Narratively, then, this very much rewards a patient reading and a good memory. Which, considering the work is in some aspect about memory–about memorialising a murdered district or, as the gender-swapped, discipline-shifted avatar of Moore himself within the text puts it, preserving it like a ship in a bottle–is an appropriate feature.
It also rewards digestion and, I suspect, discussion.
Features I especially enjoyed of this work are not solely what it is in itself, but the effect that it has had while reading it. Moore’s prose within in is unchecked, luscious, excessive–unrealistic, out-of-control, then blunt and considered. His depiction of characters is both fond and savage, sympathetic and cutting; even the discourses with angels and devils reek of an egalitarian familiarity. There is a fearlessness in the choices he makes.
As I said, I turned to this book when I was disillusioned with my own work, burnt out, tired, and annoyed with the demands that I felt were being made of writers in general. In part I addressed my dissatisfaction by returning to the craft rather than the content of art, trying to reignite a passion that had been drained.
In tandem with that work, I found that having Alan Moore’s book around as a companion proved to be several types of inspiration at once: first, it reminded me what can be done with literature, what Moore himself in one of his radio interviews described as “destroying the novel”. Second, it showed me someone absolutely, incontrovertibly enjoying himself writing exactly what he wanted to write without any thought to anyone else. And thirdly, it showed me someone writing how he wanted to write, too.
The fact that it was published at all is almost certainly 100% down to that “someone” writing the way he wanted to and what he wanted to being Alan Moore; but writing only with an eye to whether or not someone would be prepared to publish my work has been a choke collar on creativity every time it’s been applied.
Ordinarily I’d say something critical here, but frankly I’m impressed anyone’s managed to typeset this much text, never mind write something with this kind of scope. Yes, there are failings. Yes, there moments of thinness; moments that could be edited. Yes, it repeats itself. Yes, some parts will make people wince. That all seems to be caught up in the point of the work: existence is far more morally, socially, chronologically, and emotionally complex than we will ever give it credit for, and we look for meaning in it to excavate a path through that complexity. Throwing other people’s meanings into the incinerator and destroying their connections is a particularly brutal form of destruction.

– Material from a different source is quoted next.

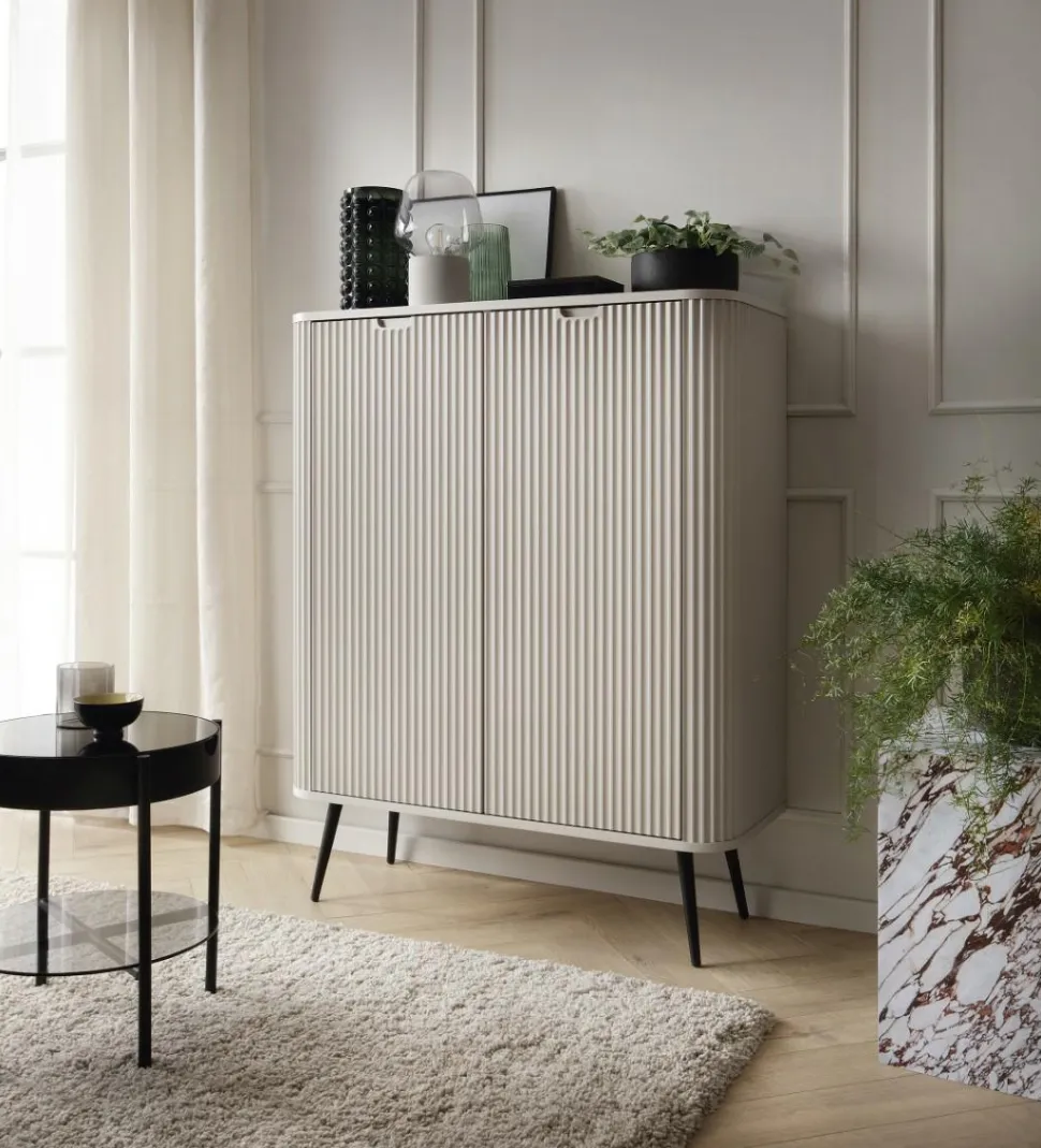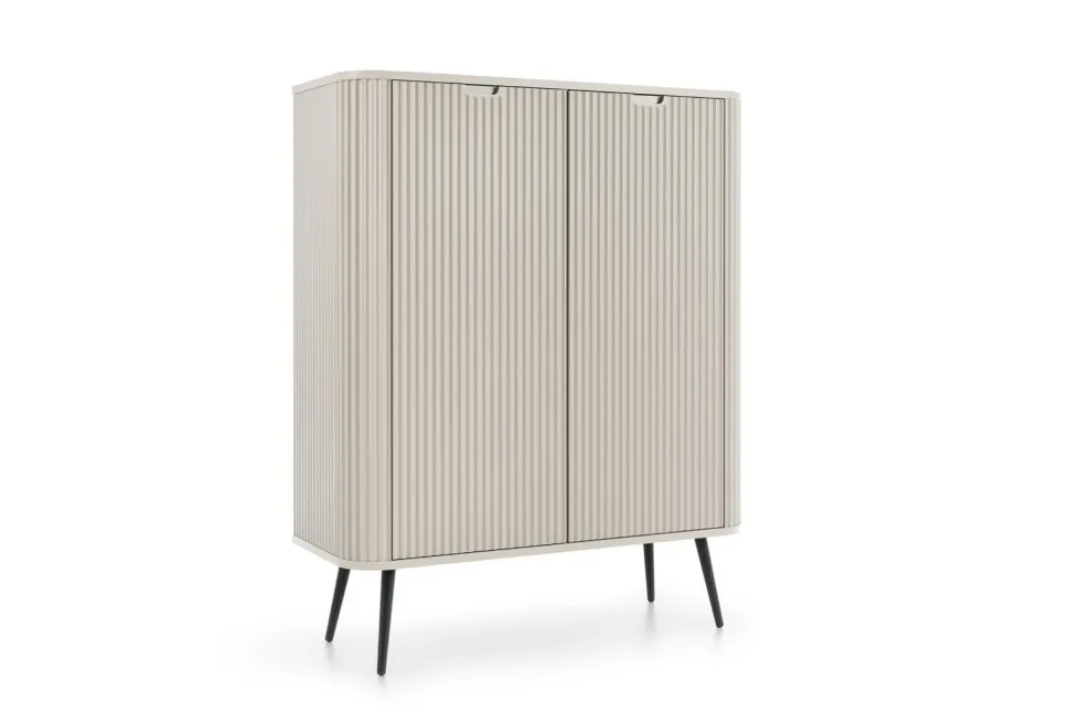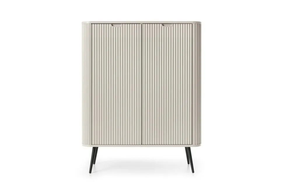 - Estetyczny wygląd komody dzięki frezowanym detalom, metalowym uchwytom i nóżkom nadaje wnętrzu elegancki i nowoczesny charakter
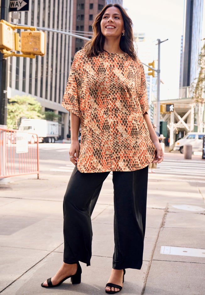 Effortlessly chic and endlessly versatile, this top drapes beautifully with a relaxed, flowy silhouette. The side slit detail adds movement and a flattering touch, making it perfect for both casual days and polished evenings. Pair it with your favorite bottoms for an elevated yet easy look.

It feels self-indulgent because it is self-indulgent, and I feel there should be space for this kind of self-indulgence in the literary world. Morally–and for the sake of variety, and for the sake of justice, and preventing cultural stagnation–I think the kind of self-indulgence and art-for-arts-sake that this represents should be something that is equally available to the writers who don’t have the benefit of being Alan Moore (in particular BAME authors in the UK) and I get the impression from the views expressed both in the text and in the interviews that he feels that too.
I won’t recommend or condemn the book: that would be missing the point.